What you are asked to do = Look below for the line containing "この時間、授業が無い教員が、" and the line containing "- 【Care Instruction】The", then set down both and every line between them exactly, without pictures.
(Data shown Opens)
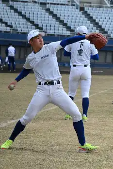 健大高崎・石垣 左脇腹に不安もキャッチボールで順調な回復ぶり見せる
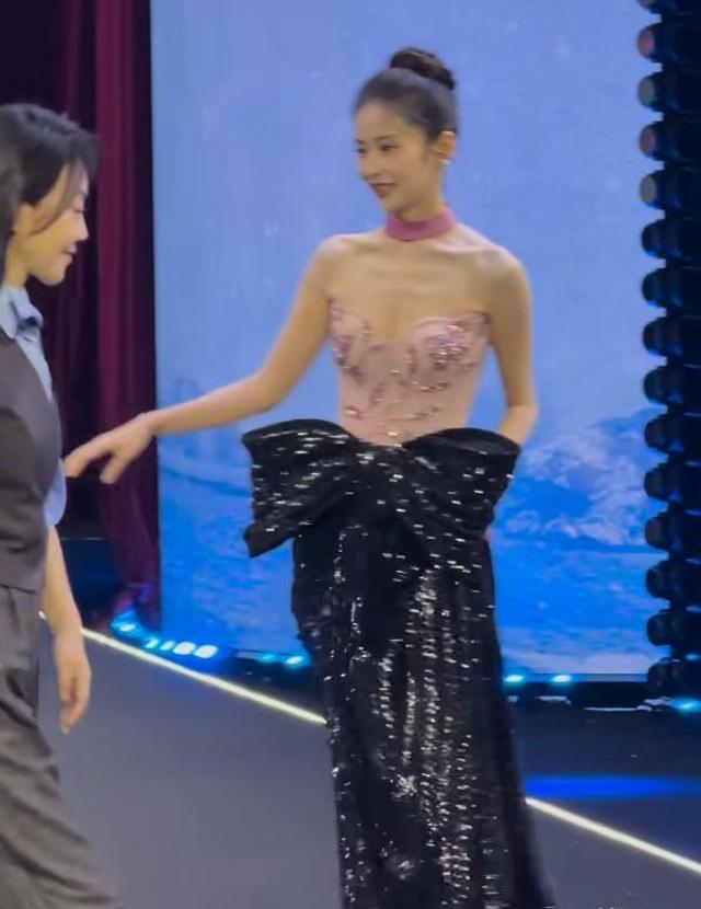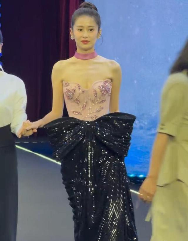 颖儿身穿粉色露肩上衣,把她优越的肩颈线显露出来了,上衣的露肤度稍微有一点高,下面搭配黑色蝴蝶结长裙,在灯光的照耀下blingbling的。
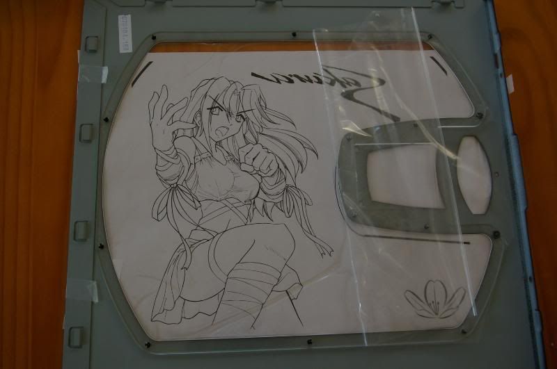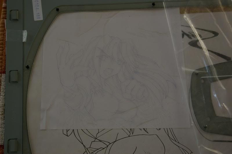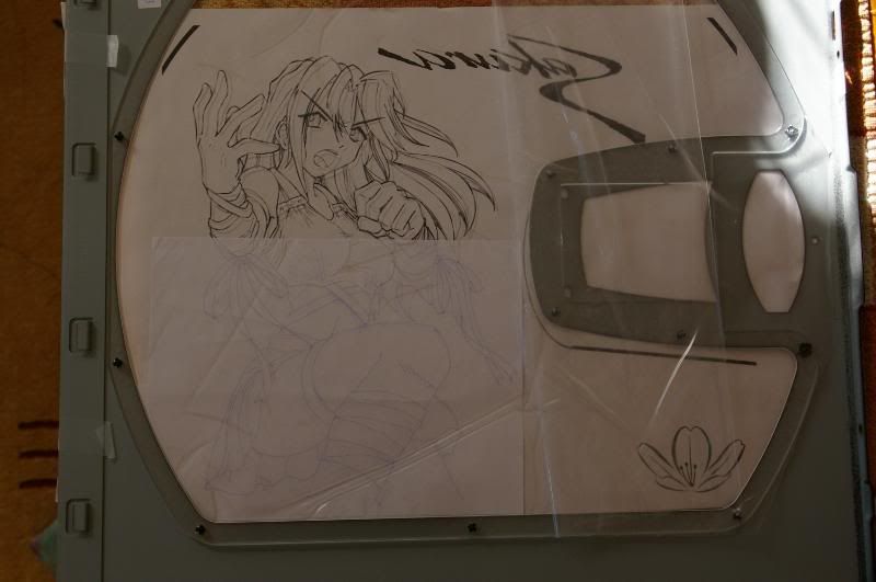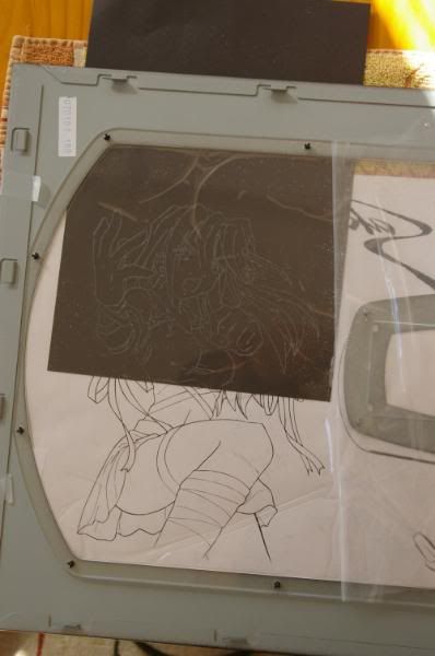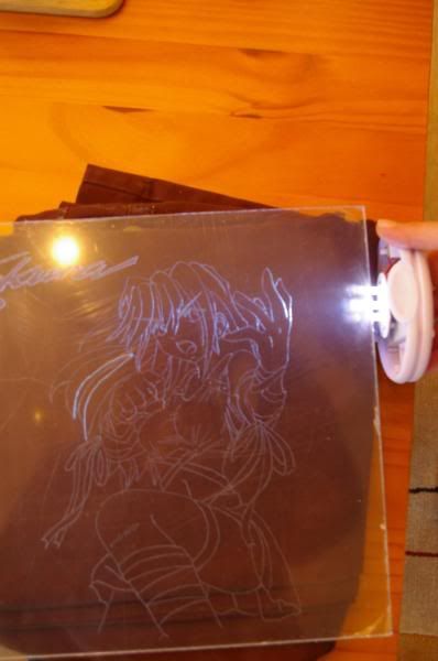 Na tevreden te zijn over het proefresultaat met het echte werk begonnen. Eerst met niet watervaste stift de bovenste helft nagetekend/overgetrokken. Bewust niet watervast, omdat je toch best een groot probleem hebt met de dikte van het plexiglas, en je niet consequent exact recht boven je afbeelding kan zitten en daardoor dus vertekend beeld krijgt.Je kan dus na het overtekenen nog het een en ander aanpassen. Nadeel van niet watervaste stif is weer dat je heel erg uit moet kijken dat je tijdens het vrezen niet de afbeelding uitveegt.
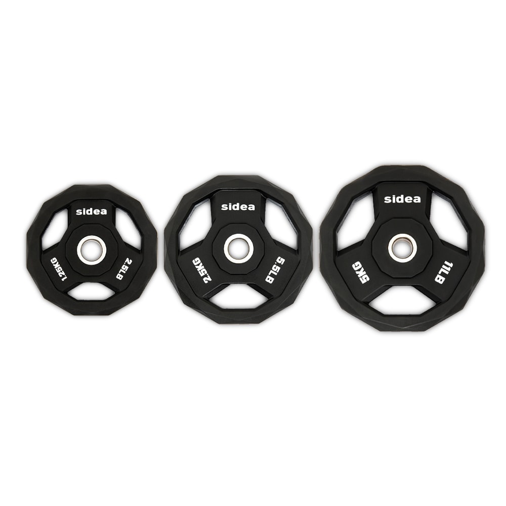 En serie af vægtskiver i polyurethan, designet til kommercielle fitnesscentre med høj brugerfrekvens.
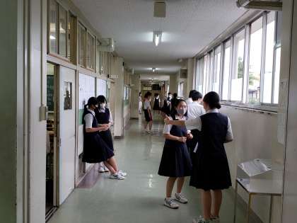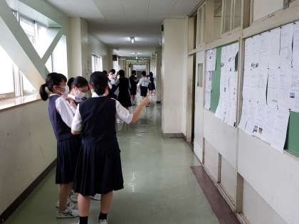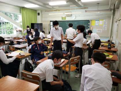 この時間、授業が無い教員が、声が外に漏れないか、他学年の授業に支障が出ないか、階段や窓の側でチェックを行っています。少しでも生徒たちの活動が活発となるよう、試行錯誤の日々です。
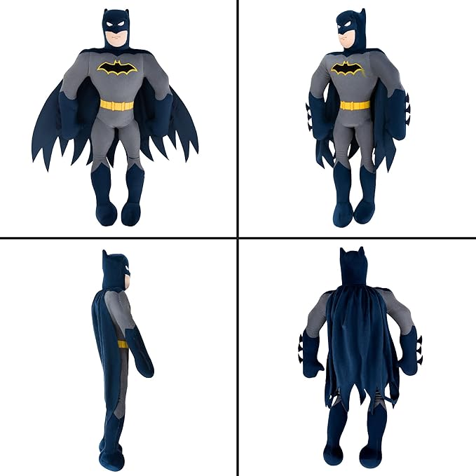 - ITEM INCLUDES: The Batman character shaped plush cuddle pillow buddy measures approximately 21" x 13" x 5". The perfect size to snuggle while sleeping or as a stuffed animal for toddler and children play time.
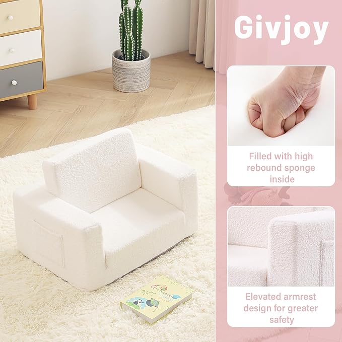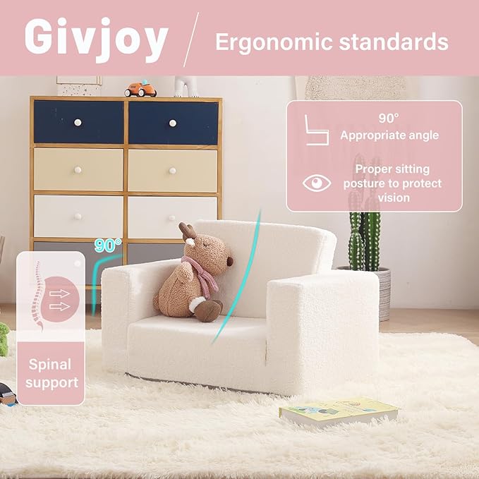 - 【Care Instruction】The 2-in-1 Soft Sherpa kids chair cover is detachable and washable in the machine. But you need to mark each foam before washing for easy re-installation. Thanks to the fabric is soft and resistant to fading, shrinking, the kid couch sofa stays the same as the new one after washing. The foam kids couch will be an attractive sofa!
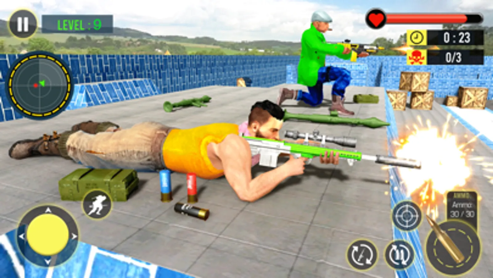 The shoot assassin army shooter is given some classified elite sniper mission related to these sniper enemy eliminations which the army commando shooter has to complete in order to get promoted to the higher ranked shoot assassin army shooter officer. This fps army man commando shooting game involves some serious commando sniper war mission mechanics that you experience in the real world. Improve your accuracy to shot the counter-terrorist sniper enemy because this army commando survival shooting game gets you one shot one kill. If you are using a sniper rifle then the scope will not just be at one point like an ordinary fps army shooter game rather it will oscillate to give you a real-life combat army fps shooter game experience.
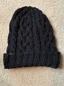 A coiled pattern, achievable by knitting stitches out of order; loops are put on the cable needle, the subsequent loops are knitted, and then the loops from the cable needle are returned to the main needles and knitted.
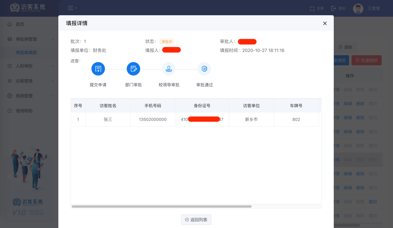 访客信息也可以手动添加在图12点击“添加访客”按钮打开新建访客页面(如图13),访客信息填写完成后直接提交申请即可。提交申请后可以查看批次详情页面如图14,该页面可以查看审批进度:提交申请->部门审批->校领导审批->审批通过,某一步骤已经完成相应图标背景则变成深蓝色,未完成的步骤则保持浅蓝色背景:
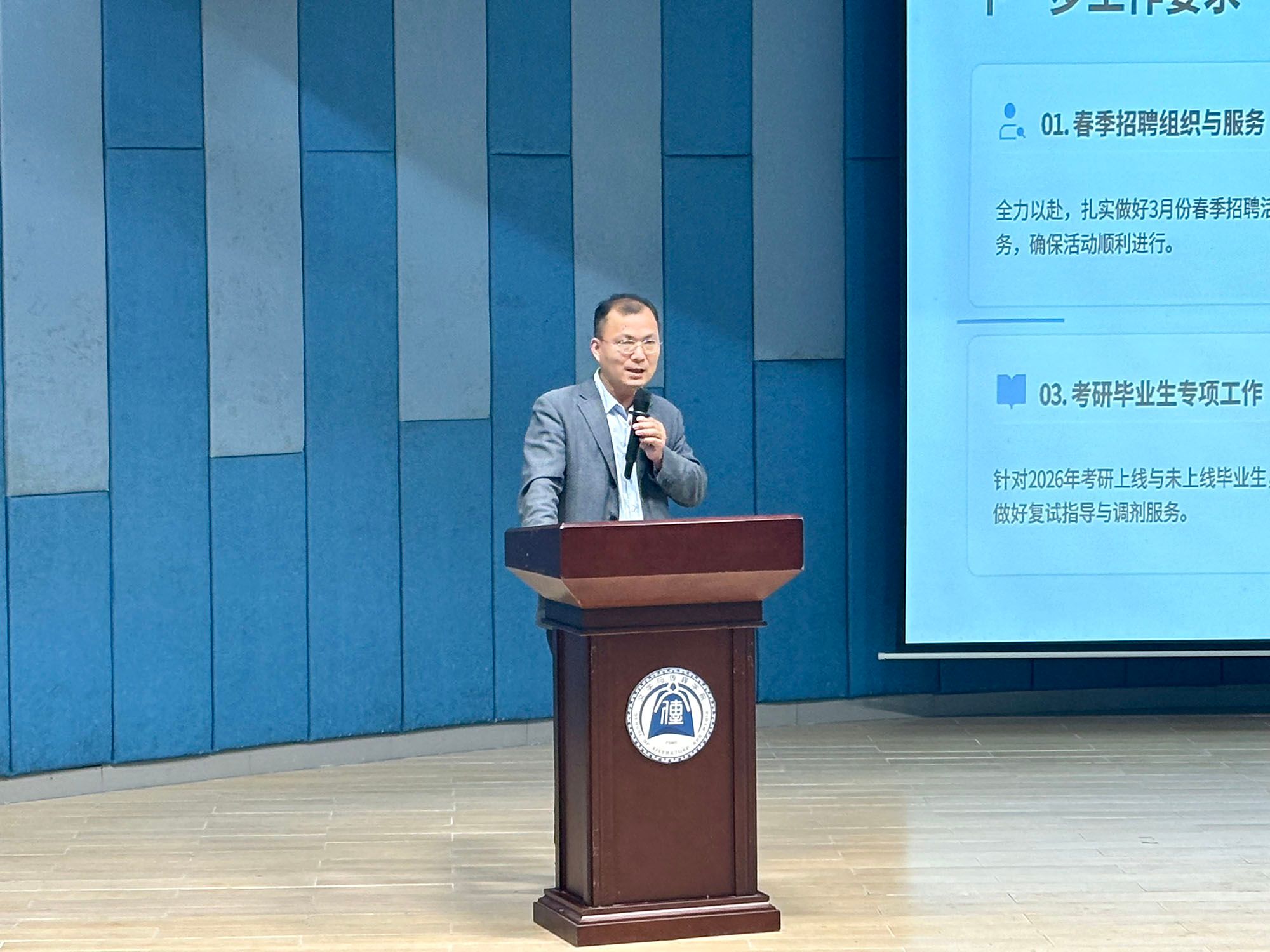 会议伊始,党委书记李建超作就业攻坚动员讲话。他首先对2025届毕业生就业工作取得的成绩给予充分肯定。他指出,面对2026届毕业生就业工作的新形势,全校要进一步提高站位,充分认识春季促就业攻坚行动的重要意义,将其作为服务学生成长发展的重要环节抓紧抓实。李建超书记强调,各学院要进一步提高认识、压实责任,做到精准施策、积极开拓,以强烈的责任意识和务实作风,凝心聚力、攻坚克难,为实现2026届毕业生更加充分、更高质量的就业目标打下坚实基础。
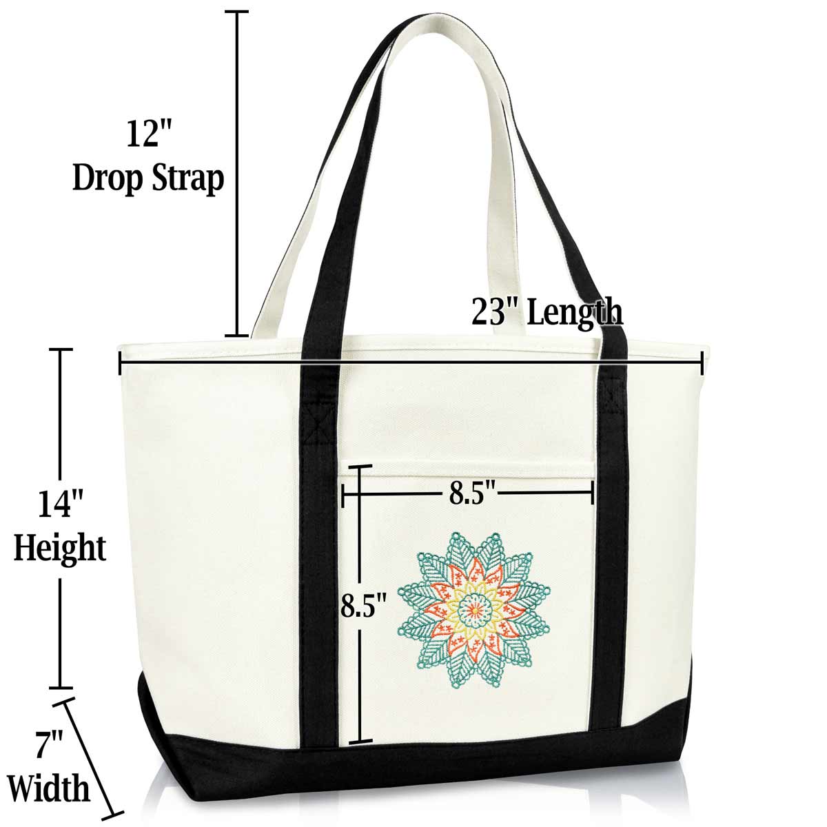 The Mandala is a spiritual and ritual symbol in Hinduism and Buddhism, representing the universe. Its circular designs symbolize the idea that life is never ending and everything is connected; a spiritual journey within the individual. The Mandala helps express your creative side and is associated with reducing stress and anxiety as well. Our custom embroidered totes use high quality threading, designed and stitched in detail for a lasting experience. Made with 100% Cotton 24 oz., heavy duty shopping tote with front open pocket, top zipper closure. The straps also feature heavy duty stitching to ensure longer carrying and No Breakage! There is also a front pocket (8.5 inch Height x 8.5 inch Width) for additional storage of larger accessories. You can also make this a shopping bag or a shoulder bag (12 inch Strap Drop Length) for your daily needs.
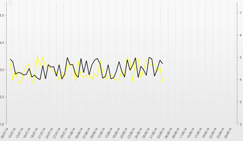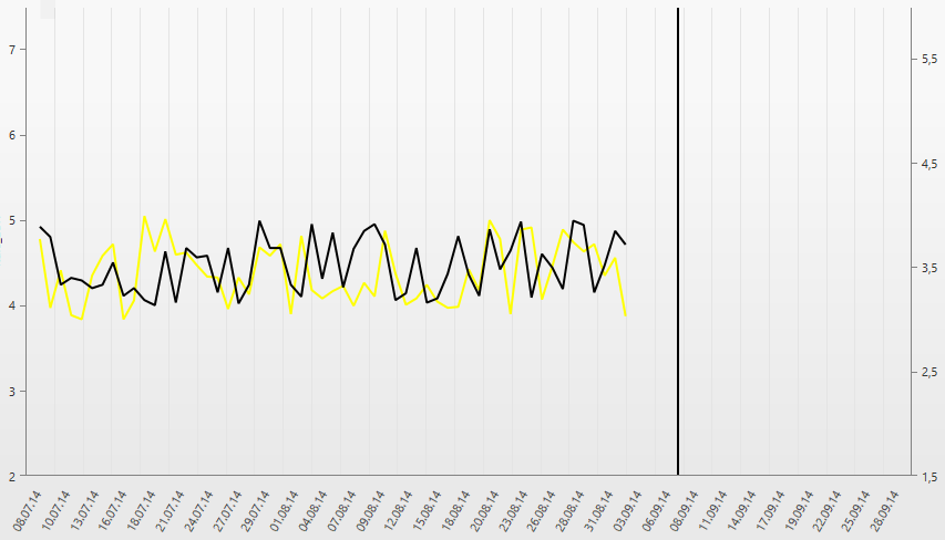<telerik:RadCatresianChart x:Name="cartesianChart"> <radchartview:RadCartesianChart.Behaviors> <chartview:ChartTrackBallBehavior ShowIntersectionPoints="True" /> </radchartview:RadCartesianChart.Behaviors> <radchartview:RadCartesianChart.Annotations> <chartview:CartesianGridLineAnnotation Value="{Binding CurrentDate}" Axis="{Binding ElementName=horizontalAxis}" Stroke="Black" StrokeThickness="2"> </chartview:CartesianGridLineAnnotation> </radchartview:RadCartesianChart.Annotations> <telerik:RadCartesianChart.SeriesProvider> <telerik:ChartSeriesProvider Source="{Binding SuppChart}"> <telerik:ChartSeriesProvider.SeriesDescriptors> <telerik:CategoricalSeriesDescriptor ItemsSourcePath="Data" ValuePath="CurrentValue" CategoryPath="Date"> <telerik:CategoricalSeriesDescriptor.Style> <Style TargetType="chartview:LineSeries"> <Setter Property="StrokeThickness" Value="2"/> <Setter Property="ShowLabels" Value="{Binding ShowLabels}" /> <Setter Property="Visibility" Value="{Binding IsVisible, Converter={StaticResource BoolToVis}}" /> <Setter Property="LegendSettings"> <Setter.Value> <telerik:SeriesLegendSettings Title="{Binding Label}"/> </Setter.Value> </Setter> <Setter Property="Stroke" Value="{Binding Color}" /> <Setter Property="VerticalAxis" Value="{Binding VerticalAxis}"/> </Style> </telerik:CategoricalSeriesDescriptor.Style> </telerik:CategoricalSeriesDescriptor> </telerik:ChartSeriesProvider.SeriesDescriptors> </telerik:ChartSeriesProvider> </telerik:RadCartesianChart.SeriesProvider> <radchartview:RadCartesianChart.HorizontalAxis> <chartview:DateTimeContinuousAxis x:Name="horizontalAxis" PlotMode="BetweenTicks" ShowLabels="True" LabelFormat="{Binding AxisLabel}" MajorTickStyle="{StaticResource tickStyle}" LabelFitMode="Rotate" Minimum="{Binding StartDate}" Maximum="{Binding EndDate}"/> </radchartview:RadCartesianChart.HorizontalAxis></telerik:RadCatresianChart>This is my XAML code. When I change the SuppChart collection (ObservableCollection) the chart isn't render the horizontal axis and annotation. I implement INotifyPropertyChanged and INotifyCollectionChanged. Data are render properly after collection change.
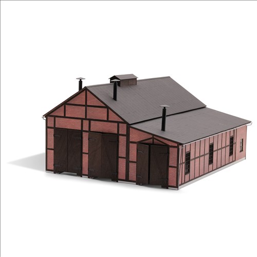 Dreiständiger Lokschuppen mit gealtertem Mauerwerk. Fachwerk und Tore (zum Öffnen) aus echtem Holz. Beleuchtbar mit Busch LEDs 5998. Bausatz.Größe: 312 x 255 mm, 160 mm hoch. Standlänge 235 mm. Durchfahrtshöhen: 59 mm und 69 mm. Durchfahrtsbreite: 47 mm.
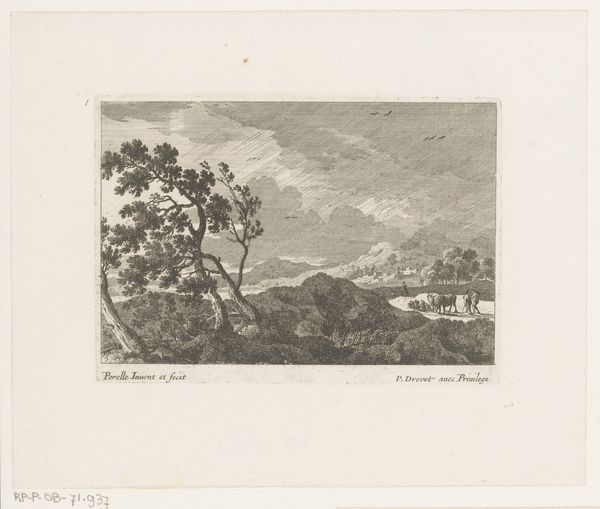 Editor: Okay, so we're looking at "Landschap met man die kudde voortdrijft," or "Landscape with a Man Driving Cattle," an engraving by Nicolas Perelle, dating from around 1673 to 1695. It's a pastoral scene. To me it feels kind of melancholy, despite the activity depicted. What captures your attention in this piece? Curator: You know, it's funny, melancholy is a good word. For me, the enduring appeal of baroque landscapes like these isn't just their visual beauty, but that strange mixture of the ideal and the everyday, the beautiful with…dare I say, boring? See the delicate lines used for the trees, contrasted with the frankly utilitarian depiction of the herder and his cattle. I wonder if the artist felt the same? Editor: The "boring" actually emphasizes how integral labor and agriculture were. It wasn’t all just romance. Curator: Precisely! It suggests a deeper story about how humans interact with nature – the mundane existing side by side with the sublime. Makes you wonder about their lives, their joys and frustrations, doesn’t it? Are those birds, or the products of our shared anxieties. Editor: Definitely. And noticing those subtleties brings it all to life! I wouldn't have looked beyond the surface before. Curator: It's about seeing not just what’s *in* the picture, but what the picture *tells* us, which of course, brings our experiences into the viewing. Editor: I like that—it shows the story hiding just beneath a "simple" landscape! Thanks!
(Data shown Closes)
Output of the exercise =
 この時間、授業が無い教員が、声が外に漏れないか、他学年の授業に支障が出ないか、階段や窓の側でチェックを行っています。少しでも生徒たちの活動が活発となるよう、試行錯誤の日々です。
 - ITEM INCLUDES: The Batman character shaped plush cuddle pillow buddy measures approximately 21" x 13" x 5". The perfect size to snuggle while sleeping or as a stuffed animal for toddler and children play time.
 - 【Care Instruction】The 2-in-1 Soft Sherpa kids chair cover is detachable and washable in the machine. But you need to mark each foam before washing for easy re-installation. Thanks to the fabric is soft and resistant to fading, shrinking, the kid couch sofa stays the same as the new one after washing. The foam kids couch will be an attractive sofa!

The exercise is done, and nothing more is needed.